=== Prompt ===
If a line in the records below holds the string "خیابان", count it; give only the total.

(Source data begins)

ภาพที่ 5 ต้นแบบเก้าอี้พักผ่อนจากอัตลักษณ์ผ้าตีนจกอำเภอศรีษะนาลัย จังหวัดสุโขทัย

(Source data ends)
(Source data begins)

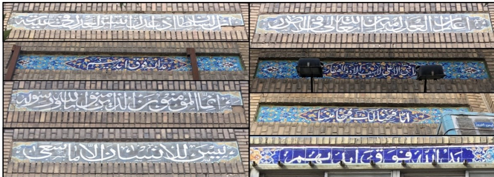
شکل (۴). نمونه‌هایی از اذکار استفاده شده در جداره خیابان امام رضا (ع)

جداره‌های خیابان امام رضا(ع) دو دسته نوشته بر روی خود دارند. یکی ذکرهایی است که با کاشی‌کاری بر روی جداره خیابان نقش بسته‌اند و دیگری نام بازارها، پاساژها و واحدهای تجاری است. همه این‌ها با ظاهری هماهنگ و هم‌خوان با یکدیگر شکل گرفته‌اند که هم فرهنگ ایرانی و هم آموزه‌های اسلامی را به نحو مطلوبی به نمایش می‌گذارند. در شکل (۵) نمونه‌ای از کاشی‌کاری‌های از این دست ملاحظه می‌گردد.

(Source data ends)

=== Output of the exercise ===
2